RED WING, Minn. — About 100 Red Wing High School students, mostly white, staged a peaceful walk-out to protest the cancellation of a Black History Month event at which Minnesota Attorney General Keith Ellison was the scheduled guest. It was school Superintendent Bob Jaszczak who cancelled the Ellison event at the last minute. Jaszczak expressed concern that “significant disruption” might be triggered by Ellison, who is black. The walk-out was brief. The students paraded around the flagpole. Several placards proclaimed “Black Lives Matter.” Organizers with the school’s Black Student Union said they had no idea what it was that so worried Superintendent Jaszczak about what he called “a disruption.” Police said also said they hadn’t picked up any chatter about a disruption trough their sources.
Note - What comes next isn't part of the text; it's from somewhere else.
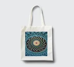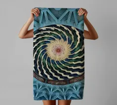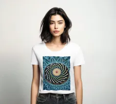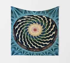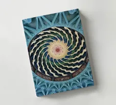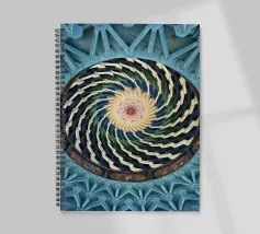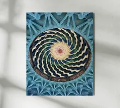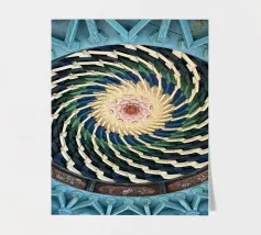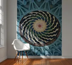 Un vivace e intricato motivo a spirale domina il soffitto, creando un'illusione ottica ipnotica con i suoi colori vorticosi e il suo disegno geometrico. Elementi architettonici nelle tonalità del blu incorniciano il motivo centrale, aggiungendo profondità e un senso di grandezza.

The walkout came the last day of February — the finale of Black History Month.  The observation has been around since 1926 although known then as Negro History Week. The students who organized yhe walk-out said they wanted to object to “a repeated set of acts committed against our student body” but were unspecific. Their online post: “We will take a moment tomorrow at 9:45 to honor Black History Month and fight for the change we want to see in our school.”  The walk-out, they aded, was”an act made to show support of Black students, staff, community and administration.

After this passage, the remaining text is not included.